Sing when your coding

My Spaceman was Pele and I liked the way in which he controlled the play of the Brazilian team. When we visted the Torpoint Ferry, I focused on the guy who directed the cars onto the ferry. Looking at both of them, it seemed to me that they followed conditional statements; “If first car then send it down the 2nd row”. Because of that, I looked into using code to control and map your actions. From there I started to look into code poems and in particular poems written in Perl. One that I especially liked was the conversion into Perl of the Jabberwocky. Not only does it stay pretty faithful to the original, but the code is also functional. When executing and it reaches one of the warnings, the script spawns a sub-process. It’s almost as if it’s saying “I did warn you about them”. Because of that poem I decided that whatever it was that I made, not only should it read well, but the visuals and its functionality should also be part of it. I also decided to use Processing instead of Perl. Although traditionally code poems seem to be written in Perl, it has been a long time since I last used it and I am VERY rusty.

I turned my attention back to football and decided to produce something using football chants. Although to the casual observer they’re nothing more than words yelled by grown men who probably should know better, they have as much structure as any software code or poem. A 2 line rhyming chant about the Plymouth Argyle left-back and a member of the opposing side set to “La donna mobile” from the Rigoletto must surely help to prove that. Because chants are as much about the opposite set of fans as it is the match, I decided to have 2 scripts “chanting” at each other as well as random elements such as fouls or goals being scored to help to mix it up.

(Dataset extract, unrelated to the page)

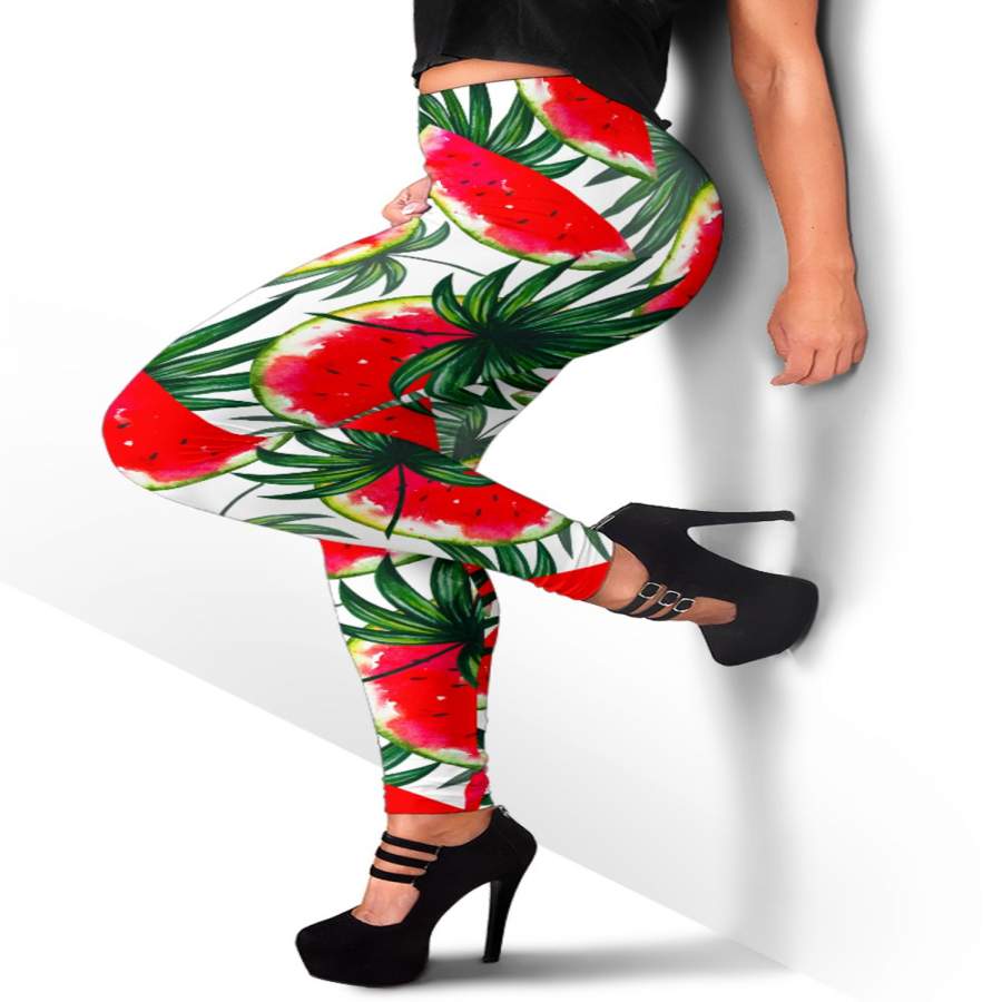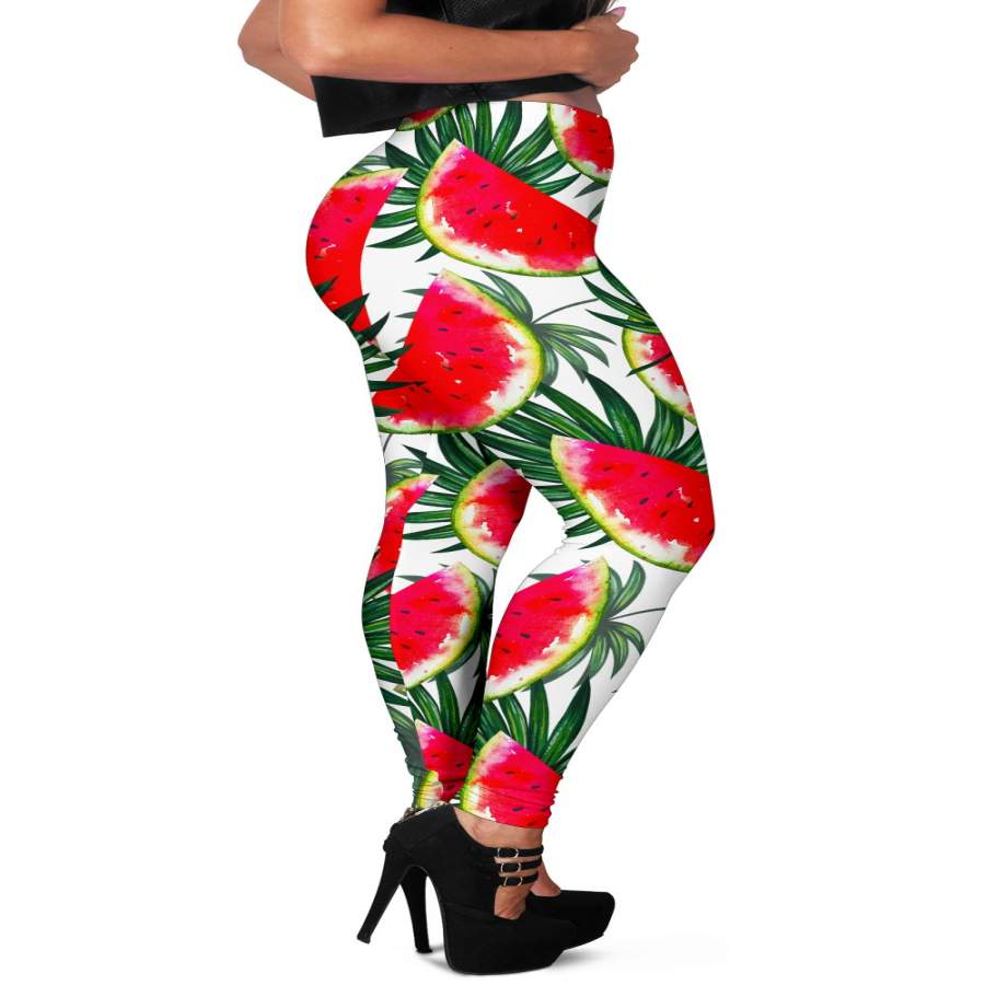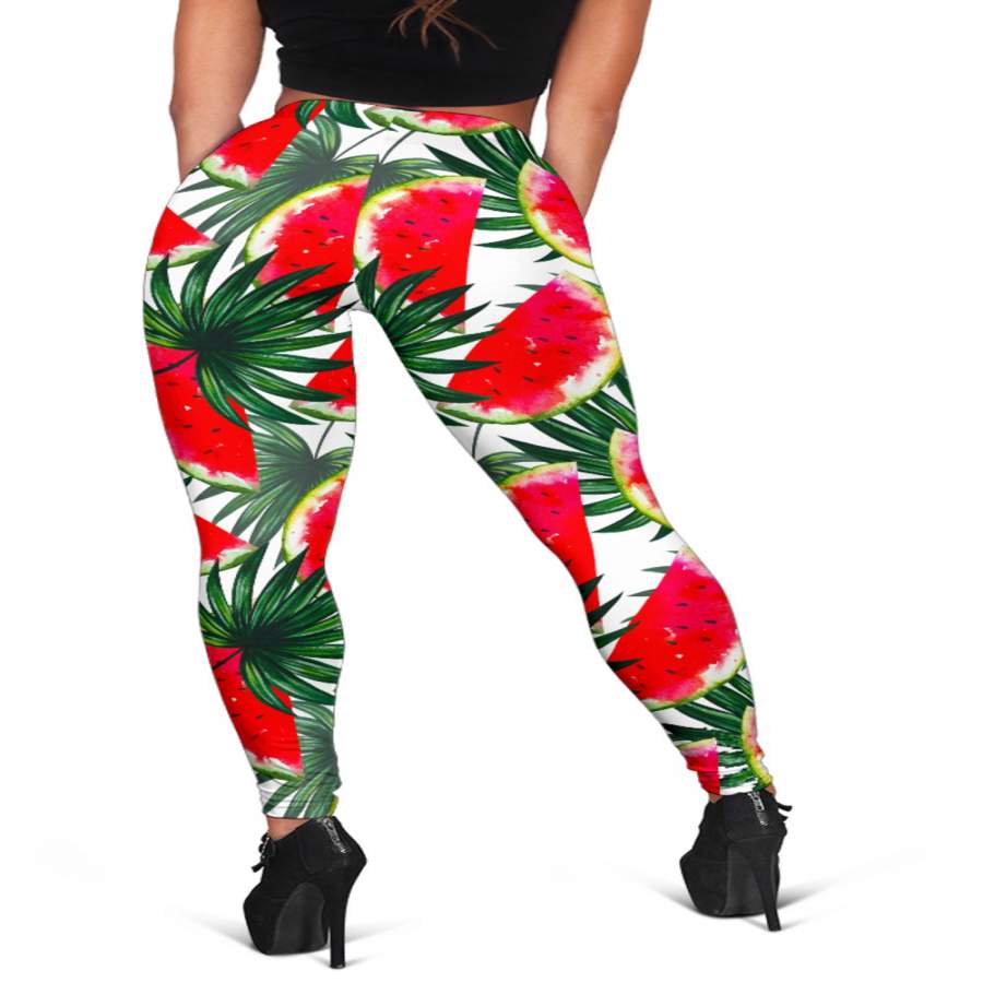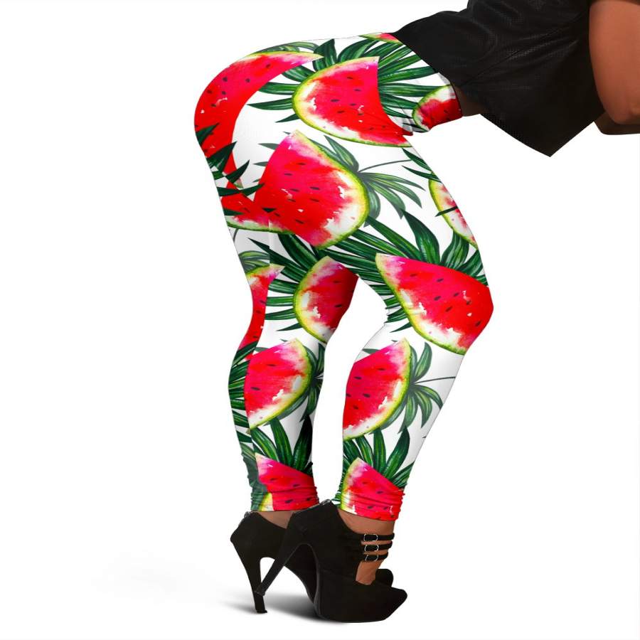 White Palm Leaf Watermelon Pattern Print Women’s Leggings

A short video of the scripts in action is below along with a zip file containing the 2 scripts.

Watch video 16.1MB

Download code


Now there’s an idea

My Space project is pretty much done. I’ve got some research that I need to put into a coherent order for my presentation and film it running on 2 machines as part of the documentation but that’s it really. Or so I thought. I had this idea the other day which I think I’m gonna do and that’s to change the colours of the away chants to match the teams that sang them at us. It’ll make the “away end” more colourful plus I’d imagine the away fans would be mortified if they saw their chants in another team’s colours – I know I would.


Sing when your coding

Below is a screenshot of my away and home scripts hurling chants at each other. The home is chanting “who are ya” and the away is responding with “green army”. At the mo I’ve got each one printing the other’s chant just to make sure that the data transfer works but the plan is they’ll only print their own after responding to the incoming chant. Following on from my problems with getting the away to print the chant to the screen, I discovered that the font I used wouldn’t print at the point size that I was trying to use. Switching it to Tahoma seemed to do the trick. I also managed to export both of them as executables so that running them at the same time shouldn’t be an issue anymore.

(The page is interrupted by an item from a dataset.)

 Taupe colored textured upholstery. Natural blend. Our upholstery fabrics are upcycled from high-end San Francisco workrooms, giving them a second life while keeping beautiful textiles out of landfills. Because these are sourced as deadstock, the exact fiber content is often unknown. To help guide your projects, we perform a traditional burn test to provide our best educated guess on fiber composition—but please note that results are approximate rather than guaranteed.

The away and home scripts chanting at each other


It chants!!

You might just be able to read it but the image below is the “away” script with its chant and the response from the “home” code. In case your eye-sight can’t make it out, the away script chants “green army” and the home script responds with “who are ya”. So not to flood my network, I’ve got it running whenever I click the mouse. If only all crowds were like that 🙂 I managed to get round my problem of yesterday by exporting the home script to run in a browser so that I could run the away script to allow me to print debug statements.

Screen dump of away code


Talking to each other some more

I’ve had some success getting the “away” script to talk to the “home” script. Home receives the message and prints it but I can’t get the away to do the same and I can’t see why. I’m getting a response back saying that the message has been delivered so it must be getting there. Unfortunately what isn’t helping is that I can’t run them both via the development environment to print debug statements as Processing will only let you open 1 at a time which is a bit of a pain to say the least.


Que sera sera…

…whatever will be will be
We’re going to Wem-ber-lee
Que sera sera


Flying high up in the sky…

…we’ll keep the green flag flying high
Set a course for Wem-ber-lee
We’ll keep the green flag flying high


Wem-ber-lee, Wem-ber-lee…

…we’re the famous Plymouth Argyle and we’re going to Wem-ber-lee


Talking to each other

I’ve started having a look at getting a Perl script to talk to another Perl script across the network. Although it doesn’t look the hardest thing in the world, there is a bit of a problem with the code it needs – in so much as it doesn’t sound very poetic!! I could try writing it using objects but as it’s been quite a while since I did any major Perl work, I’m a bit rusty. For the moment, I’m gonna give Processing a try although I’m not completely dumping Perl.


Crowd Control

I was reflecting on the stuff so far on my way in and I suddenly remembered something I noticed from the Coventry game last week. We sit 1 block away from the main “choir” and just before they start a chant, there’s a lone voice who starts it off and normally gets about half way thru the first line before everyone else joins in. I remembered at the time thinking how it was a bit like Pele and the ferryman controlling it all and still being part of it.